Enterprises are still overwhelmingly using medium and high-risk cloud services en masse
Data from Skyhigh’s latest cloud adoption and risk report in Europe, which collates data from 1.4 million users, suggests cloud adoption has clearly accelerated rapidly this year, but less than one in ten cloud services used in enterprises today are considered low-risk. Kamal Shah, Skyhigh’s vice president of products and Nigel Hawthorn, Skyhigh’s marketing director for EMEA told BCN that while enterprises are embracing cloud services of questionable data security and privacy standards, the fastest growing cloud services today are less risky in this regard.
The massive growth in the average number of cloud services used by enterprises in Europe, from 588 in Q1 to 724 in Q3 (just below the global average of 831), an increase of 23 per cent, is telling, and shows that adoption of cloud services is pervasive and growing. The average company in Europe now uses 37 different file sharing services and 125 collaboration services.
But much of this, according to Skyhigh, happens unbeknownst to IT. The company said 76 per cent of IT pros it surveyed didn’t know the scope of shadow IT occurring within their companies.
“This speaks to the fact that the IT organisation needs to understand what is being used internally in order to both secure the services being used, and to understand how they can better provide those services to internal users,” Shah said. “It’s also about cost savings and efficiency – how are employees supposed to collaborate and share content effectively when they use so many different services?”
Unfortunately, the mix of cloud services being used by enterprises in Europe today still overwhelmingly favours what the company considers to be medium or high-risk services. Skyhigh measures each cloud service it comes across against a myriad of factors – do they encrypt data at rest? Do they allow users to sign in with their enterprise identity? Who owns the IP? What happens to a user’s data when they close their account? – to determine the level of risk – low, medium or high – associated with each.
Of all the cloud services being used, only 9.5 per cent of all services were low-risk or enterprise-grade services, around the same proportion found in the previous quarter.
“We’re adding a hundred or more services to our list every week, so with more than 8,000 we can see that if the ratio of low-risk to medium and high-risk services in use is staying the same, the number of risky services is increasing, which is particularly worrying,” Hawthorn said.
While European enterprises are still using a fairly high percentage of risky cloud services, data on the fastest growing services today seems to suggest that providers are getting better at mitigating that risk. Of the ten fastest growing cloud applications out there, four are enterprise-grade – meaning they satisfy the most stringent requirements for data protection, identity verification, service security, business practice and legal protection. This exceeds the industry average of 9.5 per cent.

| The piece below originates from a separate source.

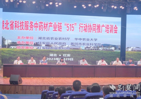 今年?6月28日,湖北省科技服務(wù)中藥材產(chǎn)業(yè)鏈“515”行動(dòng)協(xié)同推廣培訓(xùn)會(huì)在紅安縣潤康農(nóng)業(yè)發(fā)展有限公司召開。
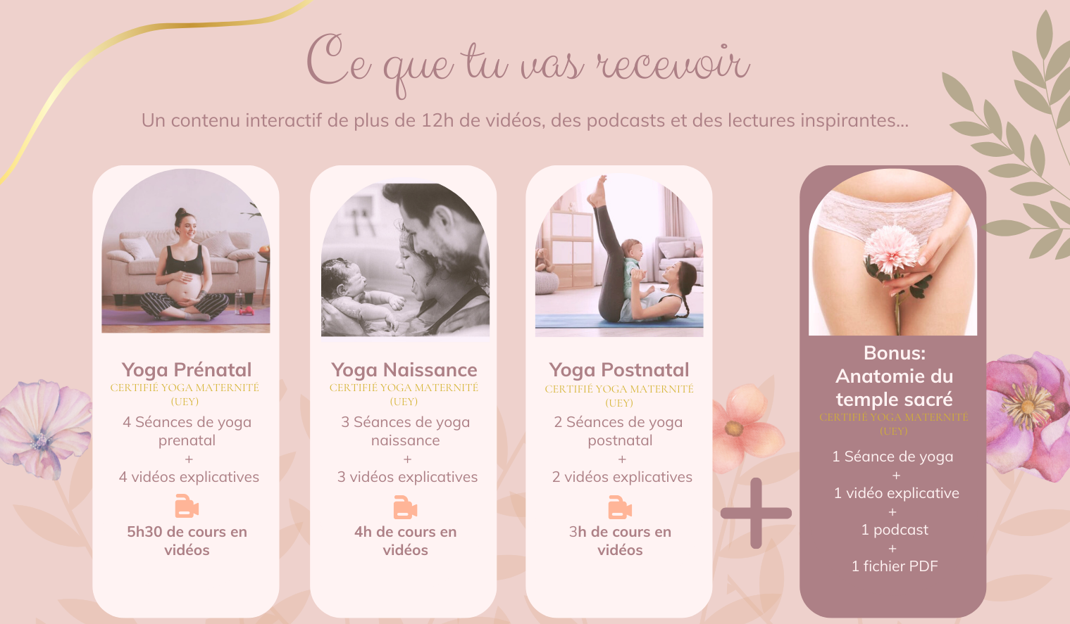 Ce programme est né d'une demande de mes élèves enceintes. Elles souhaitaient prolonger à la maison cette alchimie unique : des mouvements physiques sécuritaires, adaptés à la grossesse, mêlés à l'écoute subtile de l'énergie transformatrice qui pétille en elles.

Still, it may be some time before these providers become embedded within the enterprise. According to the latest report 80 per cent of European corporate data in the cloud today goes to just 15 cloud services (Office 365, Salesforce, Gmail, and Dropbox are the top four), with the remaining 20 per cent going to services Hawthorn said most are not even aware of.
“What enterprises need to worry about is, where is the 20 per cent of that data going? And what can they do to mitigate that risk?,” Hawthorn said. “Enterprises think they have policies to handle these major services, but of course it’s everything else, the long tail. And with people running over 700 services on average, you’ve got 700 or more that you can’t necessarily know or worry about.”
There are two ways to look at the 80/20 ratio here. While the long tail Hawthorn pointed out is worrying, it’s equally clear that 80 per cent of data sitting with just 15 cloud providers creates a situation in which great responsibility to secure and protect data lies with so few. A great deal of data could be compromised by cracking just a handful of these 15 providers.
Three quarters of the cloud services enterprises are using today also store data that is not in the EU, or hosted in countries with equivalent privacy laws, or kept in the US with organisations that have signed up to the Safe Harbour agreement, which is also worrying.
“They are certainly making good progress on developing security capabilities, but enterprises are moving away from blocking services and becoming more permissive, placing more trust in their employees to handle data in the correct way. And that means enterprise users need to be educated,” Shah said.